[Stored data Boundary: Start]
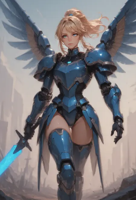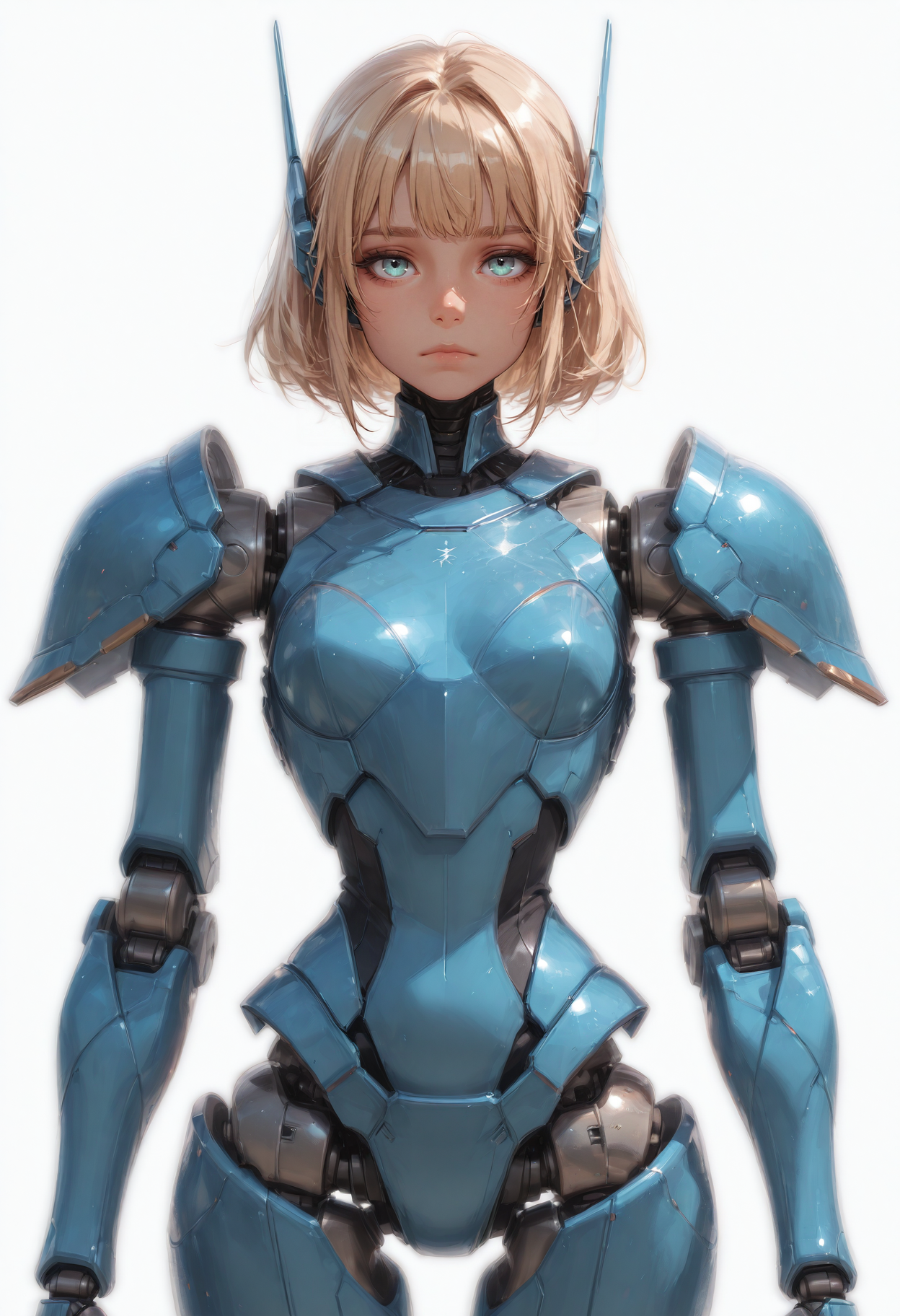 f2o, azurea, cobalt_armor, glowing_cyan_lines, lineless_anime, 1girl, solo, blonde hair, white background, mecha musume, looking at viewer, blue eyes, simple background, armor, short hair, thigh gap, closed mouth, bangs, joints, headgear, cowboy shot, thighs, expressionless, android
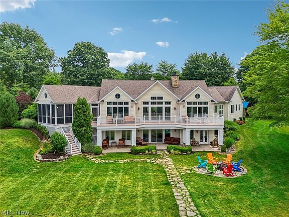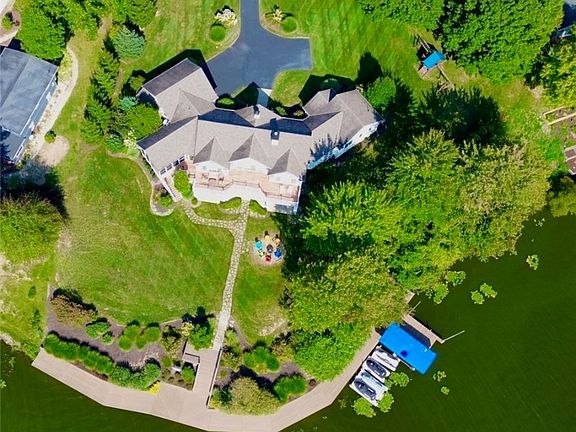 Prime lakefront location with the private Roaming Shores Lake community. Enjoy the sunsets with the western views of this unbeatable property with beautiful open lake views both north and south. High level, recent construction home with gorgeous curb appeal from both the street & lake. Large windows with amazing views throughout. Over 300' of lake frontage. Enter the double front doors into the heart of the home, a spacious vaulted great room with views through to the lake. Lovely scraped hickory hardwood flooring. Open concept to the large eat-in kitchen with granite counter including breakfast bar and center island, loads of cabinetry for storage. Access the wonderful screen porch with views on three sides and vaulted wood ceiling. Expansive deck across the front of the home with 3 power shades to provide shelter as needed. Wonderful flow throughout this home. Gracious owners' suite with high ceilings and access to the upper deck. En-suite bath with large tiled shower. Enjoy relaxing in the deep soaking tub with views over the lake. Two additional bedrooms provide great space for guests and kids and attach via the jack and jill bath with separate vanity areas. First floor laundry room and powder room. The walk-out lower level has amazing additional recreation space and room for more guests, plus a full bath and multiple storage spaces. The lower level walks out to the covered patio that leads to the rolling front lawn with welcoming firepit area. Stone steps take you to the wrap around dock along the front of the property.Multiple areas for outside enjoyment...decks, screen porch, patio, firepit, docs & a lush rolling lawn. Boat lift, jet ski docks included. Dock area is tucked into the cove for easy access. Low maintenance exterior finishes including cement board siding and composite decking. Enjoy the lake life of Roaming Shores, over 550-acre private lake, clubhouse, tennis courts, 2 pools, 2 beaches, pavilion for summer concert series, fireworks & more.
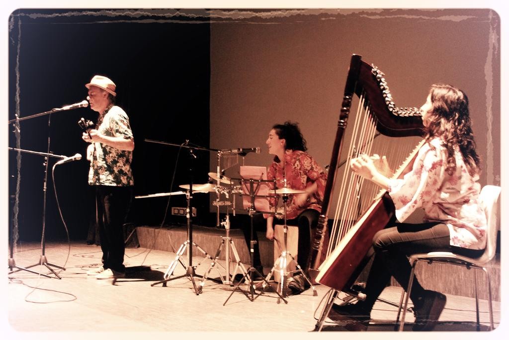 R. Sánchez: No, hemos tenido un koto o taikos, pero no. La banda se completa con violín, teclado y guitarra, aparte del sanshin, la percusión y el arpa.
[Stored data Boundary: End]
Description of the task: The listing is to be reproduced in full and exactly, except that its pictures are to be dropped.

Exercise output:
 f2o, azurea, cobalt_armor, glowing_cyan_lines, lineless_anime, 1girl, solo, blonde hair, white background, mecha musume, looking at viewer, blue eyes, simple background, armor, short hair, thigh gap, closed mouth, bangs, joints, headgear, cowboy shot, thighs, expressionless, android
 Prime lakefront location with the private Roaming Shores Lake community. Enjoy the sunsets with the western views of this unbeatable property with beautiful open lake views both north and south. High level, recent construction home with gorgeous curb appeal from both the street & lake. Large windows with amazing views throughout. Over 300' of lake frontage. Enter the double front doors into the heart of the home, a spacious vaulted great room with views through to the lake. Lovely scraped hickory hardwood flooring. Open concept to the large eat-in kitchen with granite counter including breakfast bar and center island, loads of cabinetry for storage. Access the wonderful screen porch with views on three sides and vaulted wood ceiling. Expansive deck across the front of the home with 3 power shades to provide shelter as needed. Wonderful flow throughout this home. Gracious owners' suite with high ceilings and access to the upper deck. En-suite bath with large tiled shower. Enjoy relaxing in the deep soaking tub with views over the lake. Two additional bedrooms provide great space for guests and kids and attach via the jack and jill bath with separate vanity areas. First floor laundry room and powder room. The walk-out lower level has amazing additional recreation space and room for more guests, plus a full bath and multiple storage spaces. The lower level walks out to the covered patio that leads to the rolling front lawn with welcoming firepit area. Stone steps take you to the wrap around dock along the front of the property.Multiple areas for outside enjoyment...decks, screen porch, patio, firepit, docs & a lush rolling lawn. Boat lift, jet ski docks included. Dock area is tucked into the cove for easy access. Low maintenance exterior finishes including cement board siding and composite decking. Enjoy the lake life of Roaming Shores, over 550-acre private lake, clubhouse, tennis courts, 2 pools, 2 beaches, pavilion for summer concert series, fireworks & more.
 R. Sánchez: No, hemos tenido un koto o taikos, pero no. La banda se completa con violín, teclado y guitarra, aparte del sanshin, la percusión y el arpa.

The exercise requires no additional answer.